Gönüllülere, hücre zarlarına dahil edilen bir formda HIV dış proteini için mRNA kodlaması verildiğinde, yüzde 80’i laboratuvar testlerinin enfeksiyonları engelleyebildiği antikorlar üretti.
Bu çalışmada, bu antikorlar bir suşa özgüdür. Araştırmacılar, güçlendirici dizinin bir parçası olarak verildiğinde, her bir bileşenin vücutta doğru sırada üretilmesini umuyor, daha geniş bir yanıt üretecektir.
Bununla birlikte, her iki denemede de beklenenden daha yüksek sayıda gönüllü, birkaç durumda yıllarca devam eden kovan veya ürtiker geliştirdi.
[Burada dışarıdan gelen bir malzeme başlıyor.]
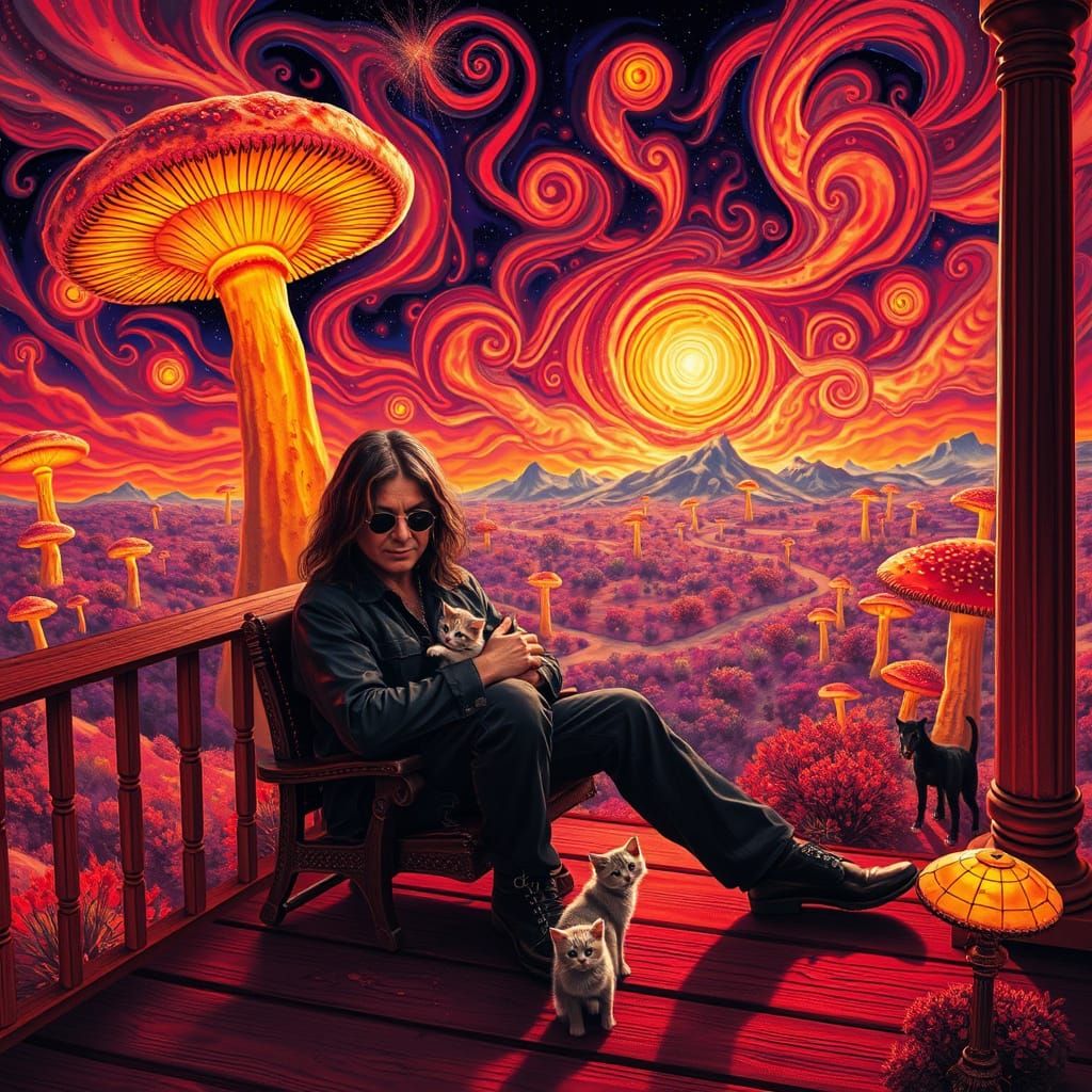 A striking picture of Ozzy Osbourne on a porch, holding kittens against a surreal landscape. The image blends gritty realism with psychedelic art, featuring bold colors and shimmering accents.

Schief, bu sorunun diğer mRNA aşı çalışmalarında veya HIV proteini içeren mRNA olmayan aşılarda ortaya çıkmadığını söylüyor. Bu yan etkiyi tetikleyebilen mRNA yoluyla HIV proteinini mRNA ile teslim etmekle ilgili bir şey var gibi görünüyor. “Şu anda bilimsel bir gizem” diyor.
Fas’taki Pharma5 adlı bir şirkette aşı uzmanı Hildegund Ertl, “Bu olumsuz etkiye neyin neden olduğunu bilmemek, önlemenin zor olacağı anlamına geliyor” diyor.
ERTL, mRNA teknolojisinin aşı bileşenlerinin hızlı bir şekilde test edilmesine izin verdiğini kabul eder, ancak nihai ürünün en iyi boş viral kabuklar kullanılarak yapılanlar gibi farklı bir aşı tarafından verilebileceğini düşünür. Bu aşılar, örneğin soğutma gerektiren oda sıcaklığında saklanabilir.
Artık Lenacapavir adında yılda iki enjeksiyonla HIV enfeksiyonuna karşı neredeyse tam koruma sağlayan bir ilaç var. Ancak Schief, bir aşının hala gerekli olduğunu düşünüyor. “Hepimiz mümkün olduğunca çabuk yapmayı hedefliyoruz” diyor, ancak ilerleme mRNA teknolojisi tarafından hızlandırılsa bile, onaylanmış bir HIV aşısı muhtemelen hala onlarca yıl uzaklıktadır.